NeuroBrix introduces the `.nbx` container format as a **universal standard for AI model packaging**. Rather than each framework defining its own way to store and load models, `.nbx` captures the complete execution blueprint — graph, weights, topology, and metadata — in a single portable archive.

The models available on the [NeuroBrix Hub](https://neurobrix.es/models) are built using our proprietary tracing technology. We capture the computation graph at a low level, preserving the exact execution semantics of the original model while making it framework-independent. This process produces a self-describing container that any compatible runtime can execute without needing access to the original model code.

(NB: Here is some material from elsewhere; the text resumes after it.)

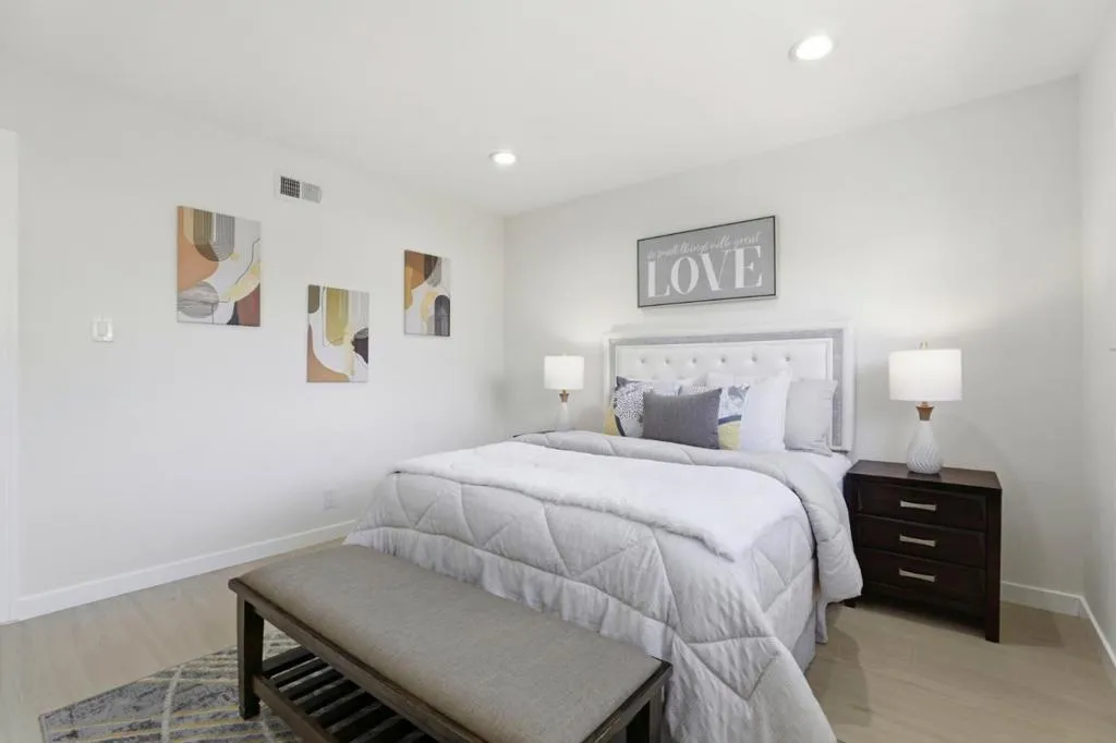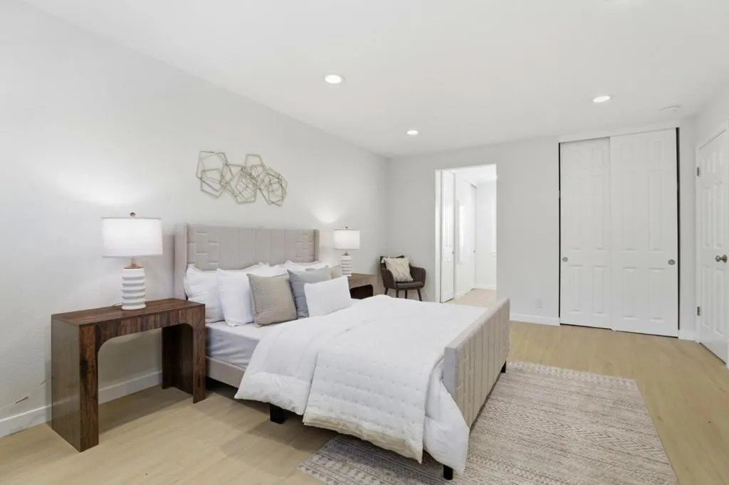 Beautifully remodeled 5-bedroom, 2.5-bath San Jose home offering 2,002 sq. ft. of stylish living space with separate living and family rooms for added flexibility and comfort. This move-in ready property has recently undergone an extensive renovation featuring fresh interior and exterior paint, new waterproof luxury vinyl plank flooring throughout, LED recessed lighting, and thoughtfully selected modern finishes. The remodeled kitchen showcases new white Shaker cabinets, full slab quartz countertops and backsplash, plus new stainless steel gas range/oven, dishwasher, and microwave. Bathrooms have been tastefully updated, including the half bath, hallway bath, and primary bath, with custom tile work and modern vanities. The backyard features a covered porch that extends outdoor living, creating the perfect setting to entertain family and friends. Updated central heating and A/C add to the homes overall comfort and appeal. Bright, refreshed, and beautifully updated throughout, this home offers comfort, functionality, and contemporary appeal.
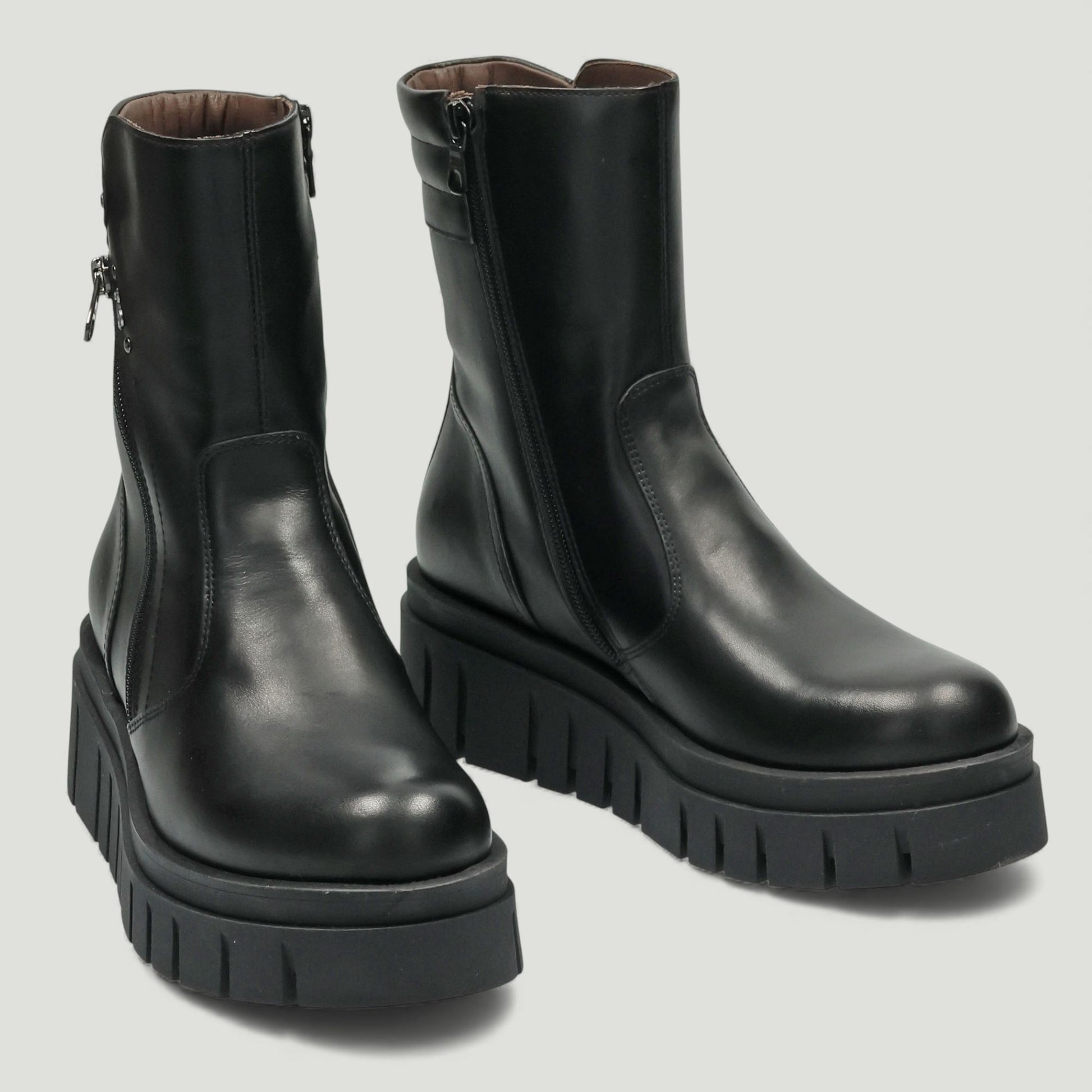 Black leather ankle boot. Internal zip closure with faux zip on the outer shaft. Leather lining. Rubber sole with 5 cm wedge. Women's Nero Giardini collection.

Our goal is to establish a structured, vendor-neutral format that enables better organization and interoperability across the AI ecosystem — separating the model definition from the execution environment.

---

## Storage Architecture

```
~/.neurobrix/
  store/              Downloaded .nbx archives (transport)
    1600m-1024.nbx
  cache/              Extracted models (runtime reads from here)
    1600m-1024/
      manifest.json
      topology.json
      defaults.json
      runtime/
      components/
      weights/
```

The `.nbx` file is only used for transport. The runtime always reads from the extracted cache.

---

## Project Structure

```
neurobrix/
  cli/                  Command-line interface
    commands/           run, serve, chat, hub, import, list, ...
  core/                 Runtime engine
    runtime/            Executor, graph engine, CompiledSequence
    prism/              Hardware solver and execution planning
    flow/               Execution flows (iterative, autoregressive, forward)
    dtype/              Automatic mixed precision engine
    cfg/                Classifier-free guidance engine
    module/             Tokenizer, scheduler, KV cache, text processor
    io/                 Weight loading
  kernels/              Triton GPU kernels
  nbx/                  .nbx container format
  serving/              Daemon server, client, session management
  config/               Hardware profiles, family configs
```

---

## Dependencies

| Package | Purpose |
|---------|---------|
| [PyTorch](https://pytorch.org/) >= 2.0 | Tensor computation and GPU execution |
| [safetensors](https://github.com/huggingface/safetensors) >= 0.4 | Fast model weight loading |
| [NumPy](https://numpy.org/) >= 1.24 | Numerical operations |
| [PyYAML](https://pyyaml.org/) >= 6.0 | Configuration parsing |
| [requests](https://requests.readthedocs.io/) >= 2.28 | Registry HTTP client |
| [tqdm](https://tqdm.github.io/) >= 4.65 | Progress bars |
| [Triton](https://triton-lang.org/) >= 2.1 | Custom GPU kernels (optional: `pip install neurobrix[cuda]`) |

---

## License

Apache License 2.0 — Copyright 2025 [Neural Networks Holding LTD](https://neurobrix.es)

See [LICENSE](LICENSE) for the full text.